Source data:
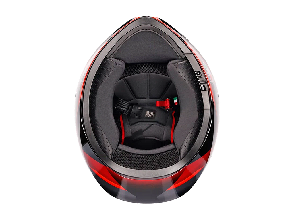 Шлем не слишком тяжелый сам по себе. Но, благодаря аэродинамике, на ходу ощущается еще более легким. На скорости 130 километров в час его динамический вес равен нулю. Давление на голову и шею минимальное, концентрация на дороге - максимальная. Подкалка сделана из материала 2DRY. Она быстро абсорбирует пот, может быть персонализирована под форму головы. Воздухозаборники расположены в районе подбородка и лба, легко открываются и закрываются руками в перчатках. Микропряжка на ремне легко закрывается и настраивается.
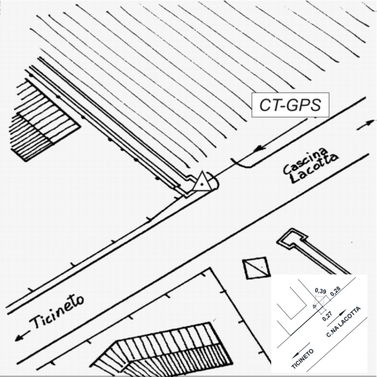 | materializzazione | Centrino metallico infisso sulla della sponda del sifone sul canale a bordo della strada. |
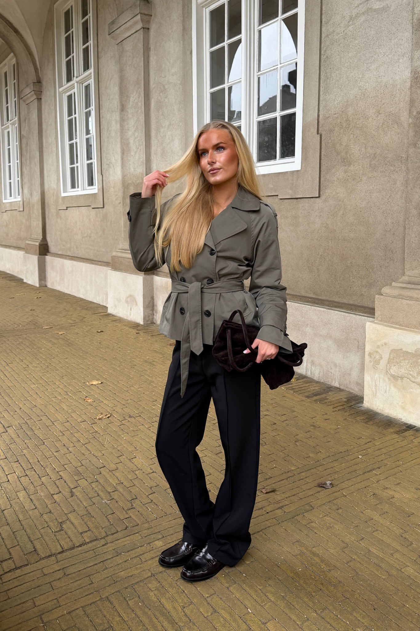 En moderne og elegant kort trenchjakke med en tidløs silhuet. Designet har en dobbeltradet front, bindebælte i taljen og knappede manchetter for et raffineret look. Strukturerede skuldre og rene linjer tilføjer et feminint og sofistikeret touch, mens den korte længde gør den ideel til overgangssæsoner. Fremstillet af et let, glat stof, der holder formen og giver en poleret finish – et alsidigt basisplagg til både hverdag og mere elegante lejligheder.

What is being asked: Repeat the listing exactly, pictures excluded.

Exercise response:
 Шлем не слишком тяжелый сам по себе. Но, благодаря аэродинамике, на ходу ощущается еще более легким. На скорости 130 километров в час его динамический вес равен нулю. Давление на голову и шею минимальное, концентрация на дороге - максимальная. Подкалка сделана из материала 2DRY. Она быстро абсорбирует пот, может быть персонализирована под форму головы. Воздухозаборники расположены в районе подбородка и лба, легко открываются и закрываются руками в перчатках. Микропряжка на ремне легко закрывается и настраивается.
 | materializzazione | Centrino metallico infisso sulla della sponda del sifone sul canale a bordo della strada. |
 En moderne og elegant kort trenchjakke med en tidløs silhuet. Designet har en dobbeltradet front, bindebælte i taljen og knappede manchetter for et raffineret look. Strukturerede skuldre og rene linjer tilføjer et feminint og sofistikeret touch, mens den korte længde gør den ideel til overgangssæsoner. Fremstillet af et let, glat stof, der holder formen og giver en poleret finish – et alsidigt basisplagg til både hverdag og mere elegante lejligheder.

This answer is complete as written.